Assim como outros insetos, a fêmea é que infecta o ser humano, penetrando na
pele pelos pés e alimentando-se do sangue, podendo causar ulcerações graves e
propiciando outras infecções. O inseto nativo da América do Sul, este ano
também passou o veraneio no Cassino, pois casos de infectação foram
registrados. O alemão Carl Seidler na década de 1820 retratou o pavor causado
pelo bicho-de-pé: “Ainda me lembro bem que havia soldados que extraíam 30 a 40 saquinhos deste bicho,
cheio de ovos, cada um dos quais saquinhos deixava um buraco do tamanho de uma
ervilha, extração muito dolorosa e já no dia seguinte número igual se alojara,
notadamente nas unhas e nos calcanhares. Para evitar isso, muitos de nós
limitávamos a abrir o saquinho cheio daquela criatura do diabo e lhe deitávamos
encima um pouco de mercúrio”. O desespero levava a colocação de mercúrio, uma
substância extremamente tóxica para o organismo e que poderia levar a demência
mental.
A
praga dos piolhos também infestava as cabeças!
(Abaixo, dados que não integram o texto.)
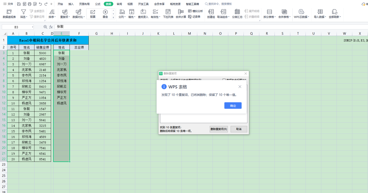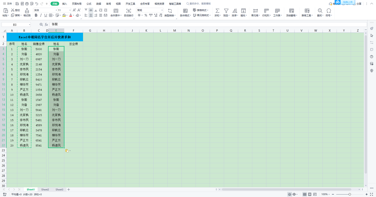 大家有没遇到表格中,相同的名字下,有多个数据需要我们将去重后,再进行求和的情况。小渔老师今天就教大家一招,快速将相同的名字合并后进行求和。
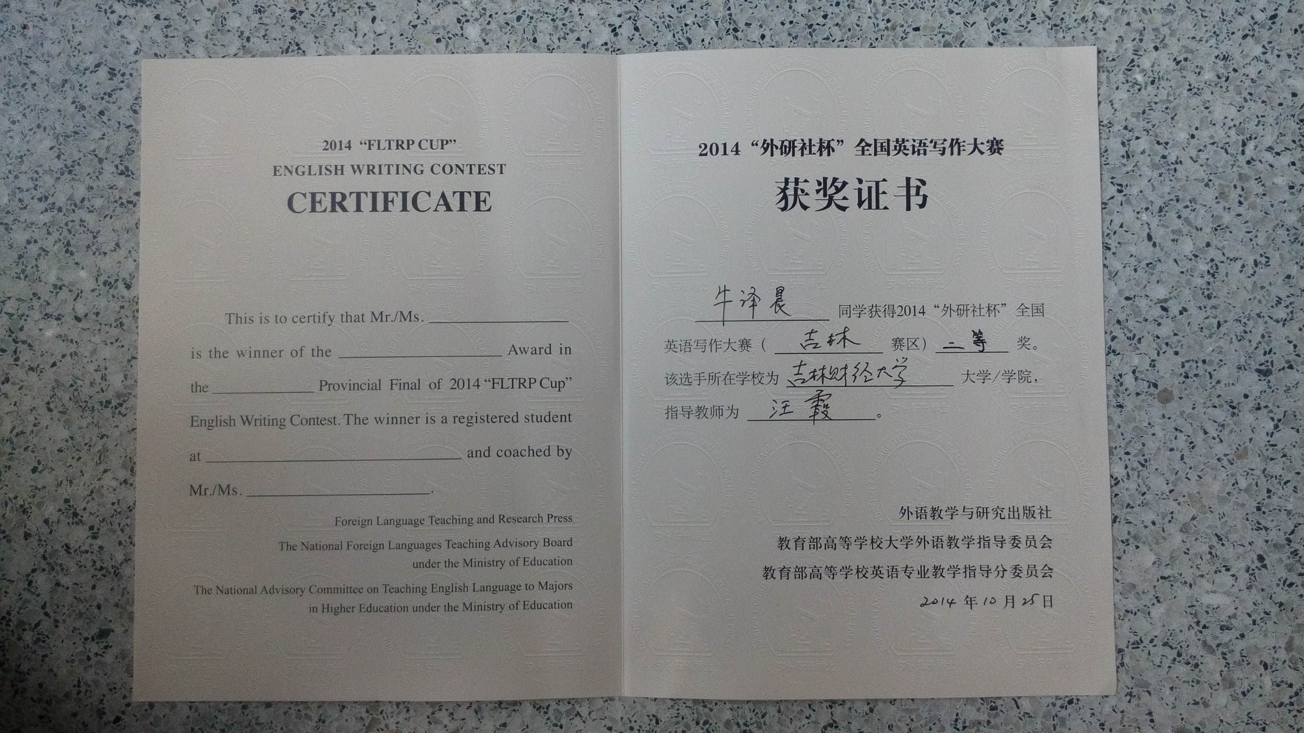 公司国贸双语专业1306班牛译晨在由外语教学与研究出版社、教育部高等公司大学外语指导委员会、教育部高等公司英语专业教学指导分委员会联合举办的2014“外研社杯”全国英语写作大赛中荣获吉林赛区二等奖。

Após as refeições, para
repugnância dos estrangeiros que relataram à cena, mulheres catavam avidamente
os piolhos nas cabeças dos familiares... É preciso ressaltar que estas
observações dos viajantes estrangeiros não devem ser tomadas de forma
totalizadora, ou seja, que todos respeitavam rigorosamente os preceitos da “completa
falta de higiene”. Possivelmente, havia exceções... Mas novos preceitos de
higiene puxados pelo saber médico-higienista somente se disseminarão a partir
da segunda metade do século 19. Porém, as práticas burguesas de cuidado e
redescoberta com o corpo estarão em sintonia com a contramão deste processo de
higienização: o rápido processo industrial que formará periferias e favelas em
que as pessoas habitarão em péssimas condições de vida.
Mary
Del Priore conclui que observar as relações entre a higiene e o pudor permite
refletir como os processos civilizatórios modelaram gradualmente as sensações
corporais, aumentando seu refinamento, desenrolando suas sutilezas.